BEGIN DATA SHOWN

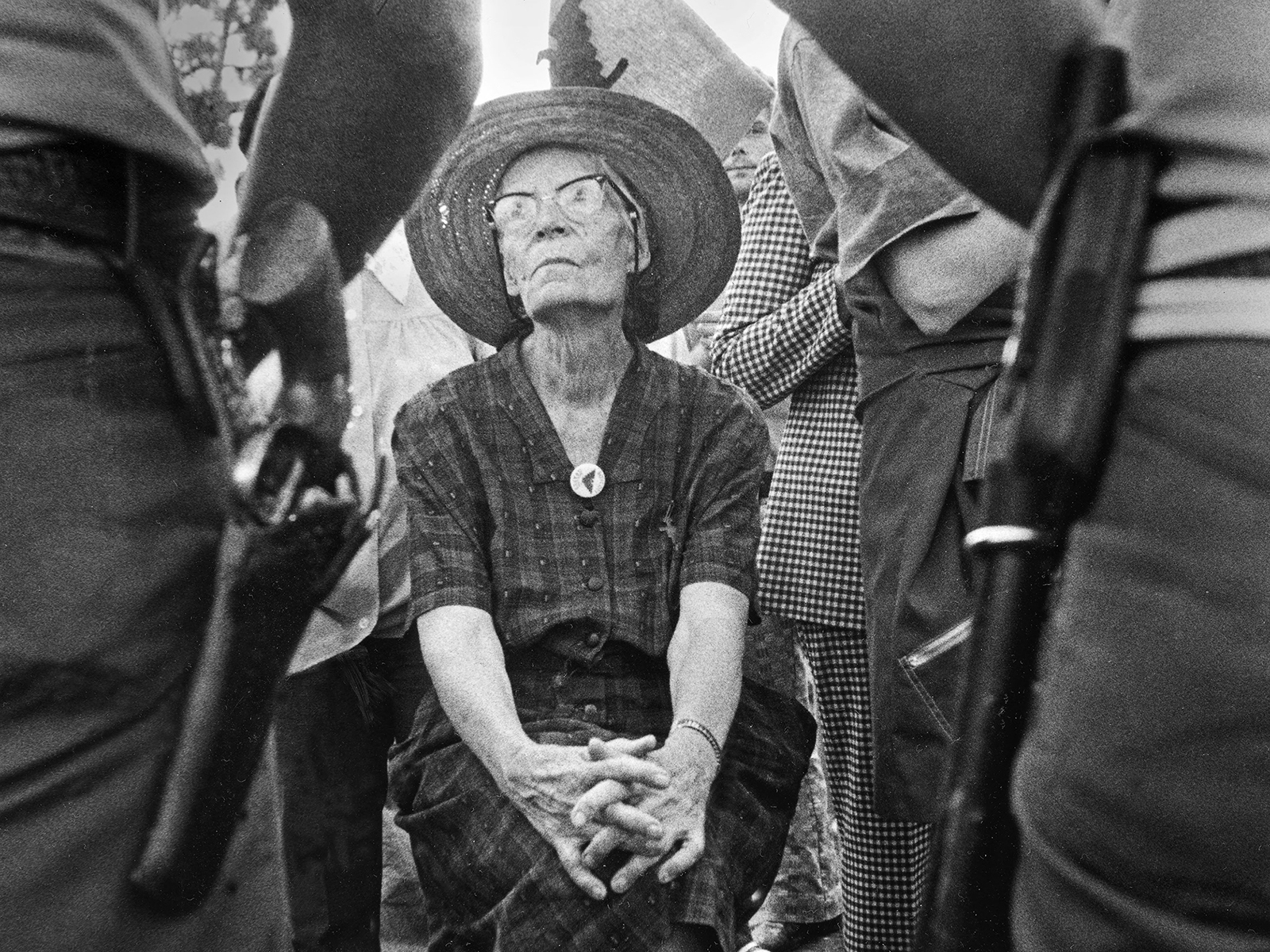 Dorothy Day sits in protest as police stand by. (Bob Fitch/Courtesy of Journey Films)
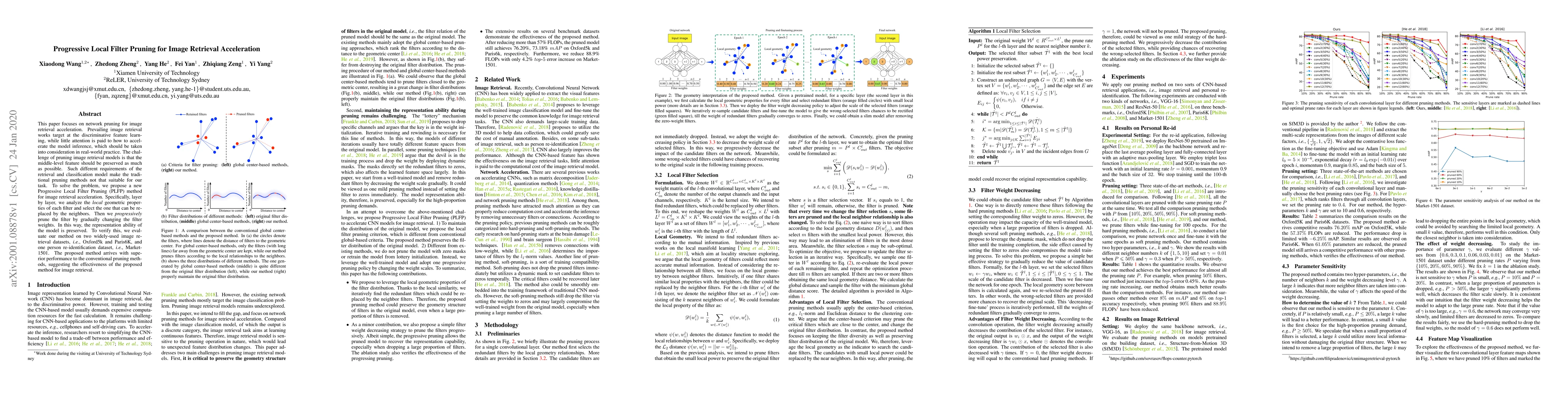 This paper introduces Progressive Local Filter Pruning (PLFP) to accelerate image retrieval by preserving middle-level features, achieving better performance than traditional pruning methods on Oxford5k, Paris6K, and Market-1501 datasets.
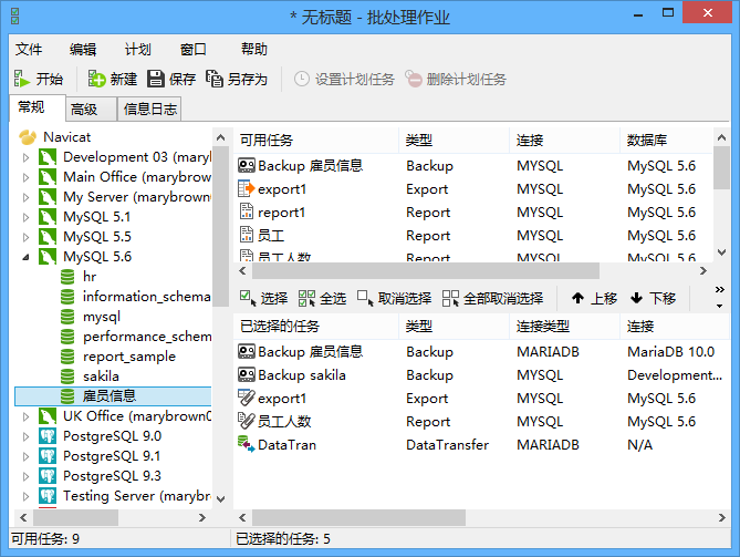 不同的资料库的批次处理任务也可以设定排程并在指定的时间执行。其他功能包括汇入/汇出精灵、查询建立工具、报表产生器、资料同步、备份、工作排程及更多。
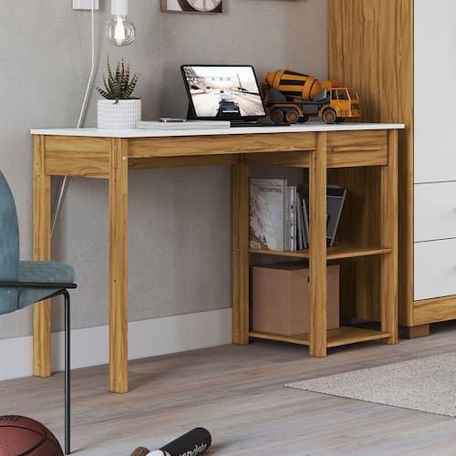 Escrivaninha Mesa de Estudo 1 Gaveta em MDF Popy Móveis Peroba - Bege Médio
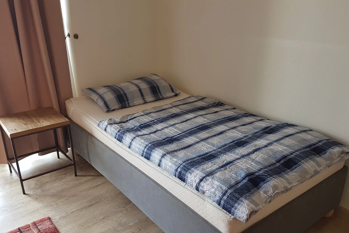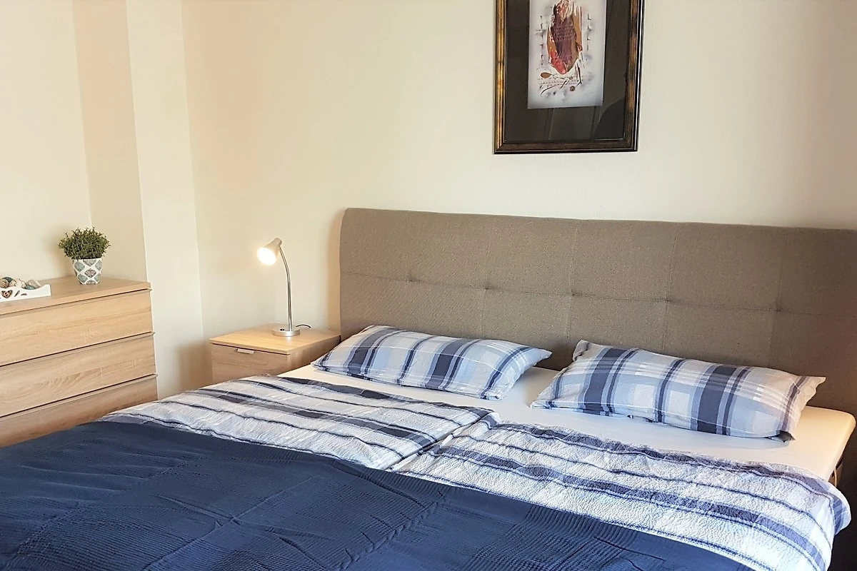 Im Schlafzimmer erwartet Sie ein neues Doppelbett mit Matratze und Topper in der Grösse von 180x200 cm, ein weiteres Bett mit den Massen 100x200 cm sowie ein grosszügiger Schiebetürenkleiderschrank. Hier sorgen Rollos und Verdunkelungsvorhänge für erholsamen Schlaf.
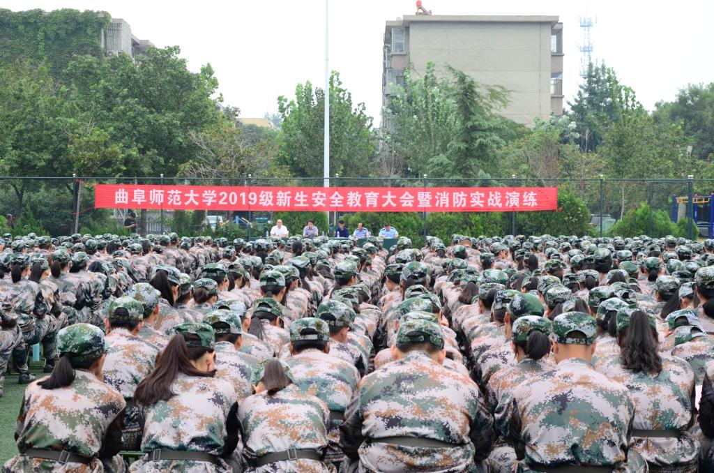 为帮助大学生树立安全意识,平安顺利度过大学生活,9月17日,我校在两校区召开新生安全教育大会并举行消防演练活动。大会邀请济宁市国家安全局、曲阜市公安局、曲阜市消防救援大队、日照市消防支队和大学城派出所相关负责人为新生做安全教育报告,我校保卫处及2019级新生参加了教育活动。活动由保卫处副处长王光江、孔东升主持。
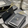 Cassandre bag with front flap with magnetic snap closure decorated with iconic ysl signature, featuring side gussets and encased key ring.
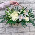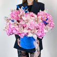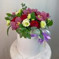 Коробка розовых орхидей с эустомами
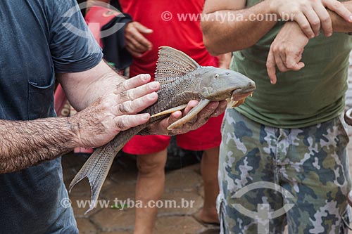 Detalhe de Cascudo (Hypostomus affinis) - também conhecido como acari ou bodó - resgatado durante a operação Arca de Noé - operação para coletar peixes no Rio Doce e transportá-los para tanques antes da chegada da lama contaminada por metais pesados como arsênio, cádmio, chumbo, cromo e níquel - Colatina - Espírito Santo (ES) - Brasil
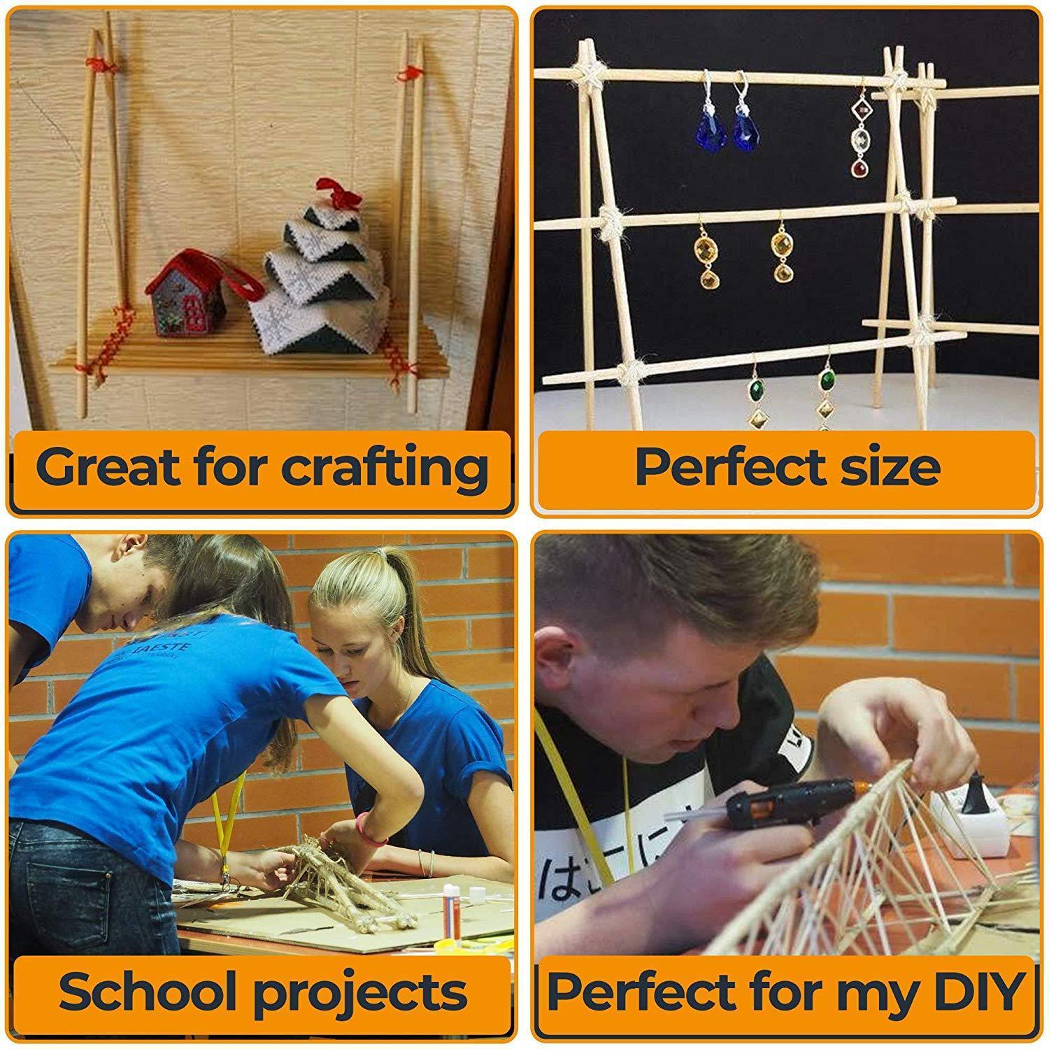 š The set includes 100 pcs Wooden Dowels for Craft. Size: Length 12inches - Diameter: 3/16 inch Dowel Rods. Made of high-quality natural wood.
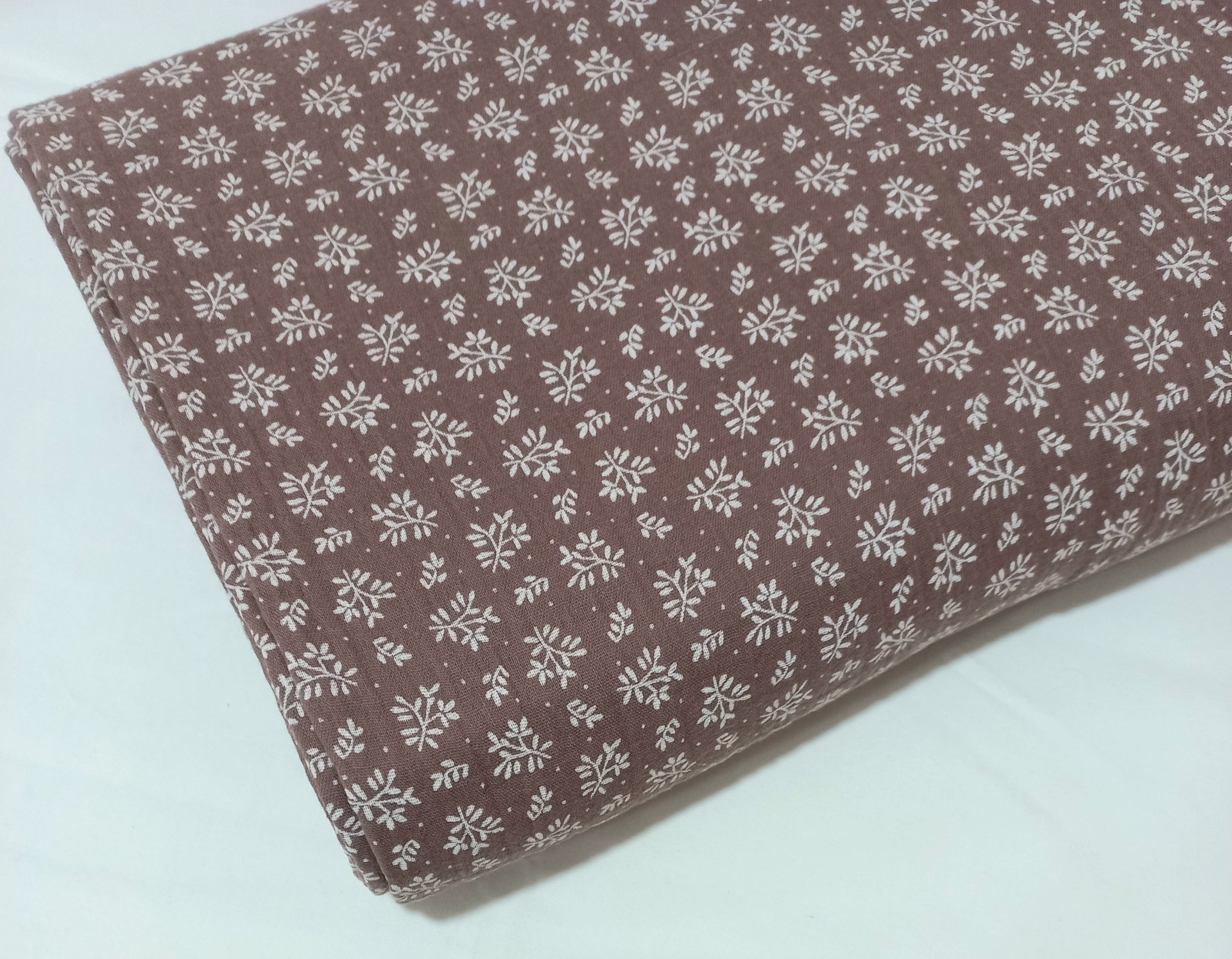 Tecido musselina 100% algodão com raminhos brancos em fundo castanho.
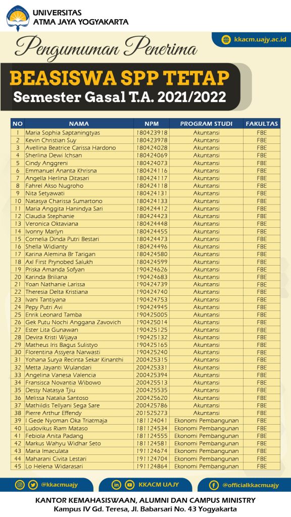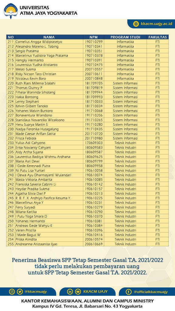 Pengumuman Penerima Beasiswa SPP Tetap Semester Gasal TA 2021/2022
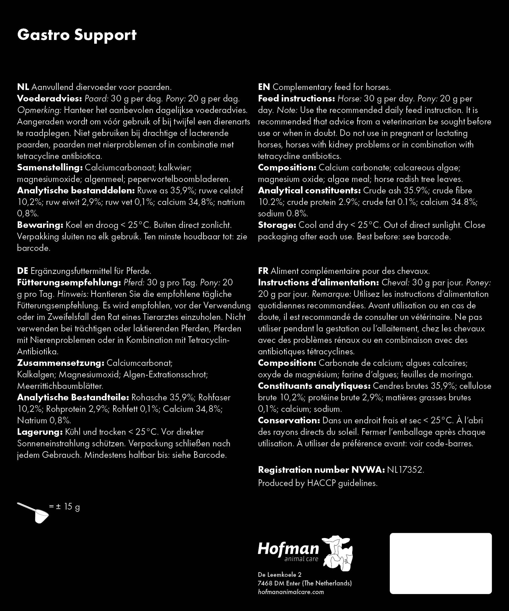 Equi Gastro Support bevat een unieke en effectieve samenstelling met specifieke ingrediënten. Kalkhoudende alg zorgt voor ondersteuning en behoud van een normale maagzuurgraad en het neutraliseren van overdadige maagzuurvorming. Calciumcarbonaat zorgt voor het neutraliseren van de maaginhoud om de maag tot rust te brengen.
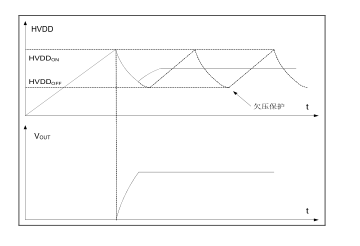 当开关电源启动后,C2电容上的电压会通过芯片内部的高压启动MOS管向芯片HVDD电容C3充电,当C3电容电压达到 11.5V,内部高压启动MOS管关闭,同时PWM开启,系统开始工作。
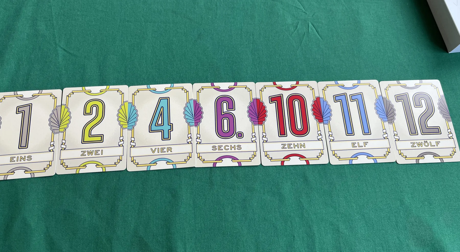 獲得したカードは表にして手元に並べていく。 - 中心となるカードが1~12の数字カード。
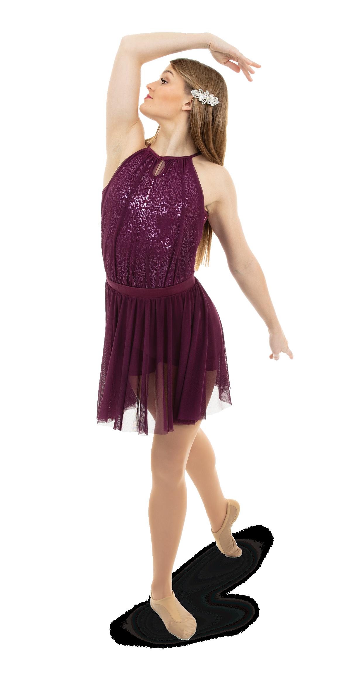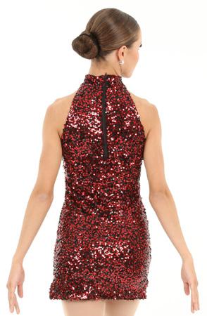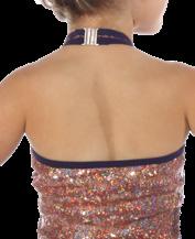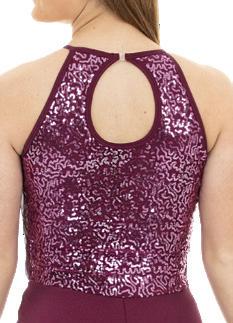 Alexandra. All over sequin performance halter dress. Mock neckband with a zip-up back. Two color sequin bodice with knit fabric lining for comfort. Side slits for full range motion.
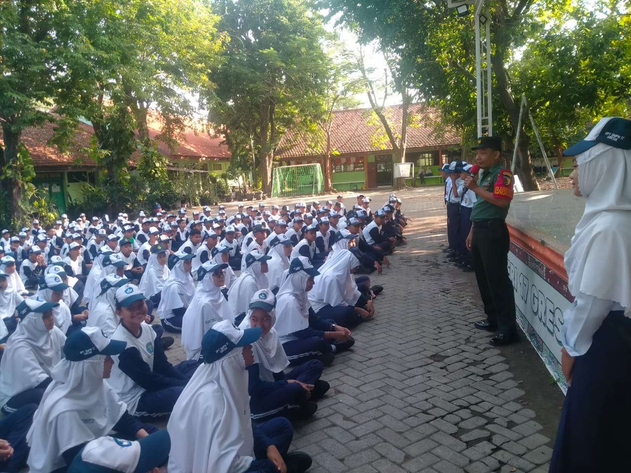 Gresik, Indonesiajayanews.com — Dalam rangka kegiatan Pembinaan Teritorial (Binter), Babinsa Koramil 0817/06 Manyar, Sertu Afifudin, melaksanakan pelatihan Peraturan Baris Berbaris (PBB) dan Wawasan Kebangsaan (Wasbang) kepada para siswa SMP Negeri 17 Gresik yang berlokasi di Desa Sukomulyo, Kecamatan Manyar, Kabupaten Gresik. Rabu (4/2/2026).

END DATA SHOWN

Would you set down the material exactly as it stands, without the pictures?

 Dorothy Day sits in protest as police stand by. (Bob Fitch/Courtesy of Journey Films)
 This paper introduces Progressive Local Filter Pruning (PLFP) to accelerate image retrieval by preserving middle-level features, achieving better performance than traditional pruning methods on Oxford5k, Paris6K, and Market-1501 datasets.
 不同的资料库的批次处理任务也可以设定排程并在指定的时间执行。其他功能包括汇入/汇出精灵、查询建立工具、报表产生器、资料同步、备份、工作排程及更多。
 Escrivaninha Mesa de Estudo 1 Gaveta em MDF Popy Móveis Peroba - Bege Médio
 Im Schlafzimmer erwartet Sie ein neues Doppelbett mit Matratze und Topper in der Grösse von 180x200 cm, ein weiteres Bett mit den Massen 100x200 cm sowie ein grosszügiger Schiebetürenkleiderschrank. Hier sorgen Rollos und Verdunkelungsvorhänge für erholsamen Schlaf.
 为帮助大学生树立安全意识,平安顺利度过大学生活,9月17日,我校在两校区召开新生安全教育大会并举行消防演练活动。大会邀请济宁市国家安全局、曲阜市公安局、曲阜市消防救援大队、日照市消防支队和大学城派出所相关负责人为新生做安全教育报告,我校保卫处及2019级新生参加了教育活动。活动由保卫处副处长王光江、孔东升主持。
 Cassandre bag with front flap with magnetic snap closure decorated with iconic ysl signature, featuring side gussets and encased key ring.
 Коробка розовых орхидей с эустомами
 Detalhe de Cascudo (Hypostomus affinis) - também conhecido como acari ou bodó - resgatado durante a operação Arca de Noé - operação para coletar peixes no Rio Doce e transportá-los para tanques antes da chegada da lama contaminada por metais pesados como arsênio, cádmio, chumbo, cromo e níquel - Colatina - Espírito Santo (ES) - Brasil
 š The set includes 100 pcs Wooden Dowels for Craft. Size: Length 12inches - Diameter: 3/16 inch Dowel Rods. Made of high-quality natural wood.
 Tecido musselina 100% algodão com raminhos brancos em fundo castanho.
 Pengumuman Penerima Beasiswa SPP Tetap Semester Gasal TA 2021/2022
 Equi Gastro Support bevat een unieke en effectieve samenstelling met specifieke ingrediënten. Kalkhoudende alg zorgt voor ondersteuning en behoud van een normale maagzuurgraad en het neutraliseren van overdadige maagzuurvorming. Calciumcarbonaat zorgt voor het neutraliseren van de maaginhoud om de maag tot rust te brengen.
 当开关电源启动后,C2电容上的电压会通过芯片内部的高压启动MOS管向芯片HVDD电容C3充电,当C3电容电压达到 11.5V,内部高压启动MOS管关闭,同时PWM开启,系统开始工作。
 獲得したカードは表にして手元に並べていく。 - 中心となるカードが1~12の数字カード。
 Alexandra. All over sequin performance halter dress. Mock neckband with a zip-up back. Two color sequin bodice with knit fabric lining for comfort. Side slits for full range motion.
 Gresik, Indonesiajayanews.com — Dalam rangka kegiatan Pembinaan Teritorial (Binter), Babinsa Koramil 0817/06 Manyar, Sertu Afifudin, melaksanakan pelatihan Peraturan Baris Berbaris (PBB) dan Wawasan Kebangsaan (Wasbang) kepada para siswa SMP Negeri 17 Gresik yang berlokasi di Desa Sukomulyo, Kecamatan Manyar, Kabupaten Gresik. Rabu (4/2/2026).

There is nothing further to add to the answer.